Among the other findings:• The Marines were far more likely than other branches to send offenders to prison, with 53 prison sentences out of 270 cases. By contrast, of the Navy's 203 cases, more than 70 were court-martialed or punished in some way. Only 15 were sentenced to time behind bars.
• The Air Force was the most lenient. Of 124 sex crimes, the only punishment for 21 offenders was a letter of reprimand.
• Victims increasingly declined to cooperate with investigators or recanted, a sign they may have been losing confidence in the system. In 2006, the Naval Criminal Investigative Service, which handles the Navy and Marine Corps, reported 13 such cases; in 2012, it was 28.

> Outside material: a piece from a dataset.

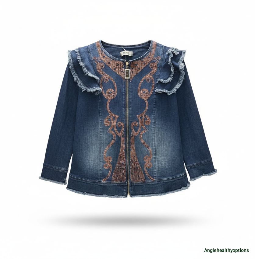 Add a touch of charm to everyday outfits with this beautifully crafted denim jacket. Designed in a classic medium-wash blue, it features intricate embroidered detailing along the front for an elegant, vintage-inspired look. Soft ruffle accents on the shoulders bring playful texture, while the frayed trim adds a trendy, modern edge. The front zipper closure ensures easy wear, and the comfortable long sleeves make it perfect for layering in cooler weather. Stylish yet versatile, this jacket pairs effortlessly with dresses, leggings, or jeans for a standout look.

Taken together, the sex crime cases from Japan, home to the largest number of U.S. military personnel based overseas, illustrate how far military leaders have to go to reverse a spiraling number of sexual assault reports.
In one case, a woman alleged that a sailor raped her. Later, she confronted him in a recorded conversation. She accused him of pushing her down “for sex purposes,” after which he apologized for hurting her “in that way.”
An Article 32 hearing, the military's version of a grand jury, recommended a court-martial on rape charges, but the commanding officer said no. The charges were dropped.
U.S. Sen. Kirsten Gillibrand, who leads the Senate Armed Services' personnel subcommittee, said the records are “disturbing evidence” that there are commanders who refuse to prosecute sexual assault cases.